Gegen 16 Uhr machen wir uns auf den Weg in die Stadt, die Kinder natürlich verkleidet, Lena als furchterregender Pirat mit Tattoos und Narben, Maya geht als Piratenpapagei. Vor dem Containerhafen bringen sich gerade schon die „Angel Harps“ in Formation, zwei LKWs, zwei Dutzend Steeldrums. Es klimpert und klingt. Der Kreisverkehr wird gerade abgesperrt, die Polizisten tragen so bunte Uniformen, dass sie ebenfalls verkleidet wirken, ist aber echt und war letzte Woche schon genauso. In der Carenage, wo die Fischerboote am Dock liegen, sind Tribüne und Zelte aufgebaut. Sicher kein Vergleich mit dem Karneval in Trinidad, aber heute ist ja auch nur der Anfang, der Start der Saison.

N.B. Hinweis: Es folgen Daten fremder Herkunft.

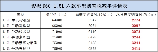假設(shè),有幸哪位小公舉五折秒殺了一臺駿派D60 1.5L手動標準型,購車款只需付32450元。加上駿派D601.5L所有車型,均可以享受國家10月起頒發(fā)的關(guān)于“購買1.6升及以下排量乘用車實施減半征收車輛購置稅”的優(yōu)惠政策。五折秒殺的駿派D60 1.5L手動標準型,同樣享受購置稅減半政策,即2774元。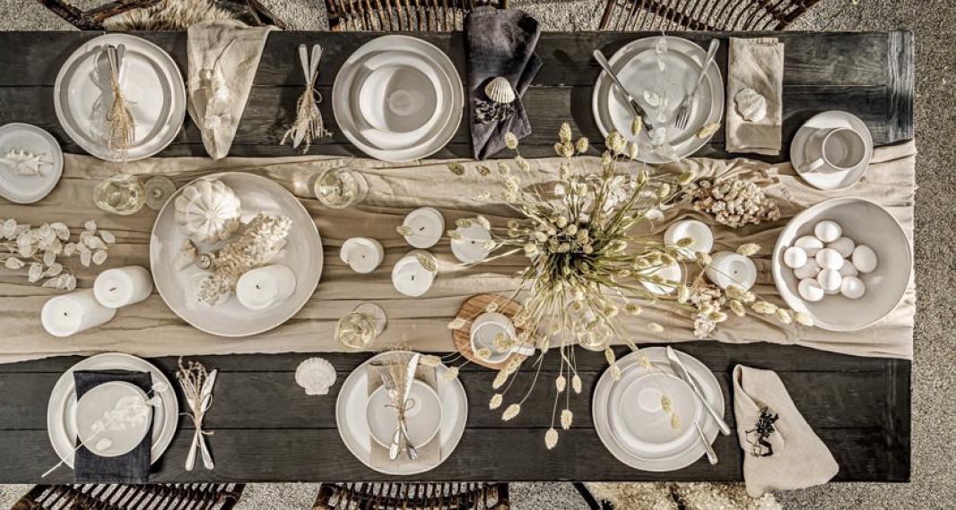 Z czym zestawiać kamionkowe kolekcje? Najlepszym wyborem będą naturalne materiały – drewniane dodatki, miękkie, lniane tkaniny, świeże kwiaty, muszelki, kamyki czy gałązki. To kompozycja idealna do wiosenno-letnich spotkań przy stole z bliskimi.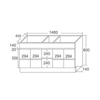 Dimensions: Cabinet: 1480 x 450 x 800mm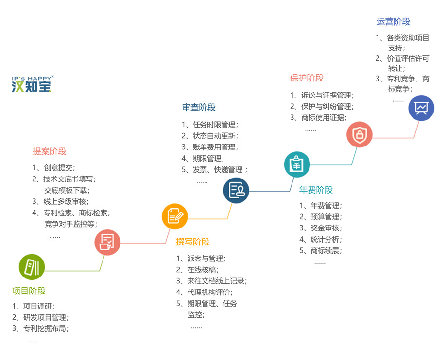漢知寶企業知識產權管理平臺,聚焦項目(產品/技術)中的知識產權,具備專業和人性化的專利、商標、軟著管理功能,從創意挖掘到申請管理各個階段,到競爭、運營階段,進行全生命周期管理;關注任務時限、年費監控等費用管理、流程管理;便利研發人員的技術交底、競爭對手監控;極大提升企業知識產權工作效率和工作能力。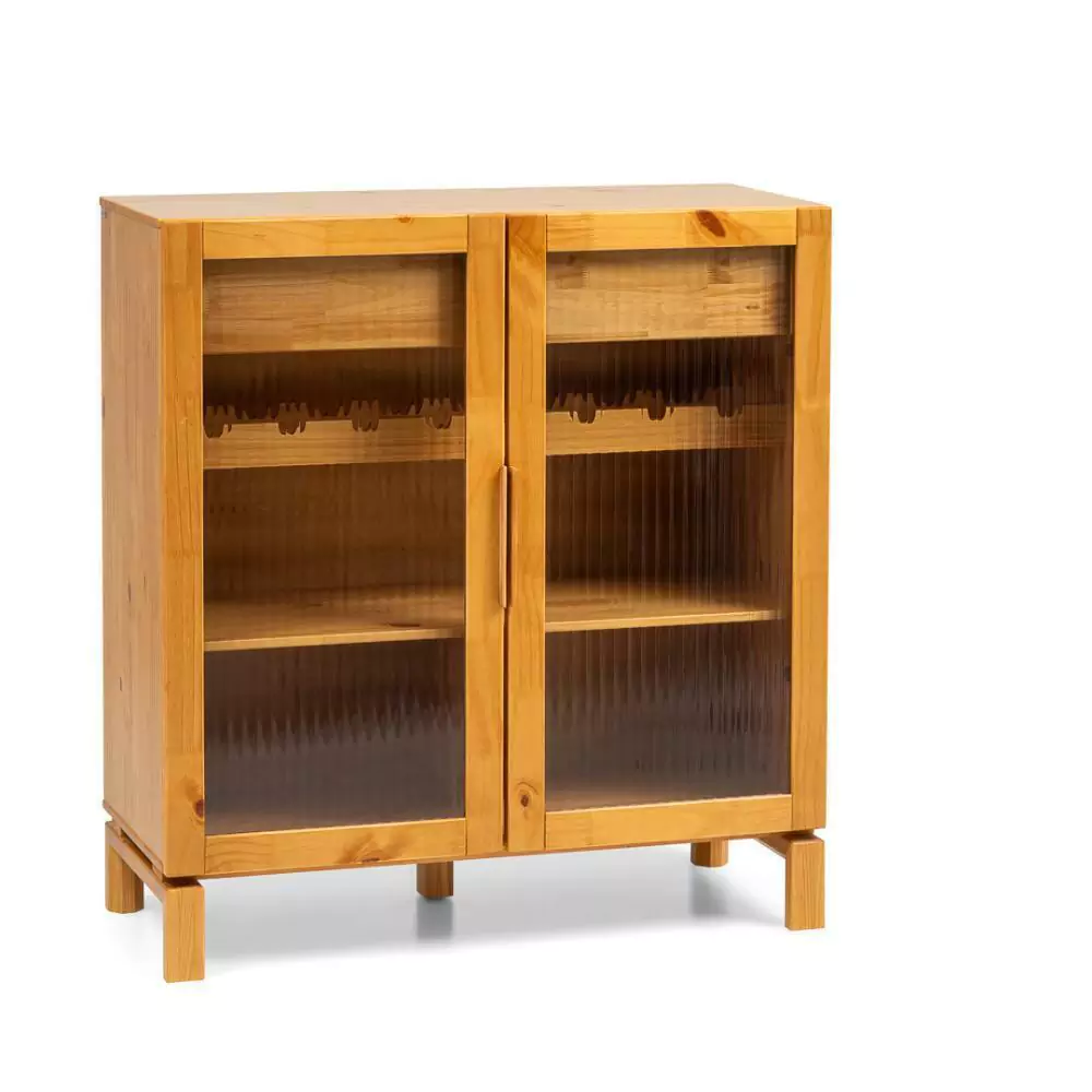 A Linha Piazza segue a tendência do design contemporâneo, mescla a delicadeza da madeira maciça Taeda com a modernidade do vidro canelado.

Als Auftakt der fünften Jahreszeit findet eine Parade an der Carenage statt, preisgekrönte Soca- und Calypsostars der Vorsaison spielen auf, DJ Fat Boy George verspricht Tanz bis zum Morgengrauen und die typischen Figuren des Grenada Karnevals ziehen durch die Strassen. Die Jab-jabs oder Devil Mas Bands, schwarzgekleidetete gruselige Gestalten mit gehörnten Helmen und Plateauschuhen, ziehen klappernde Wellbleche über den löchrigen Asphalt, die farbenfrohen Shortknees in ihren arabisch anmutenden Kostümen lassen kiloweise Babypuder aus weißen Dosen fliegen. Alle sind mit Begeisterung bei der Sache, bis auf die leichtbekleidete Schönheit auf Stelzen, die sich zwischen gelangweilten Tanzbewegungen immer wieder ihrem Blackberry widmet, dass fest im Netzhandschuh verstaut ist.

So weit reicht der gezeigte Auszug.